Ariana Grande reminds listeners who’s in charge on intimate thank u, next
Somewhere amidst the Drake dominance and Post Malone prominence of pop’s last 18 male-dominated months, Ariana Grande — the Nickelodeon alum who’s able to leap three octaves in a single breath — became radio’s biggest female star. But thank u, next, Grande’s fifth album, doesn’t have the insufferable swagger that one might expect from a world-beater who’s fresh off two singles debuting at No. 1, and sat out the Grammys and hit No. 1 on the charts in the same weekend. Instead, it’s a lovely, intimate collection that embraces its essential paradox of being both a grand pop statement and a bedroom-pop wonder.
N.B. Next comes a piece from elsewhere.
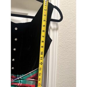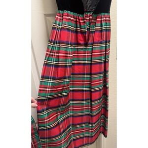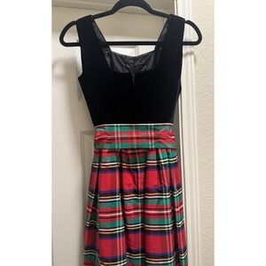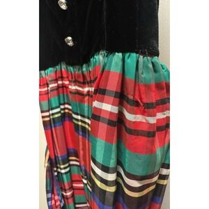 Holiday Party Dress Velvet Taffeta Tartan Plaid Teena Paige Vtg Xmas Jr Sz 7

thank u, next embraces a vibe of few-holds-barred honesty, its emphasis on sonic softness recalling a spa day designed to heal and strengthen one’s sorest muscles and its guest-free roster reminding the listener of who, exactly, is in charge. The lyrics delight in specificity and the possibility of sending more devoted listeners on allusion scavenger hunts; “Imagine,” which opens the album, is elegiac and longing, its booming bassline snapping Grande’s reminiscing over late-night takeout and Instagram posts into sharply loving focus; “Fake Smile” details the red carpet’s dark side in a way that only the most-photographed stars out there can. Watery synths and trap snares abound, although a couple of string flourishes — a swooping break on the pillowy “Needy,” gently encroaching violins of the dreampop-adjacent “Ghostin” — and the brassy breaks on the sashaying kiss-off “Bloodline” add texture and tension.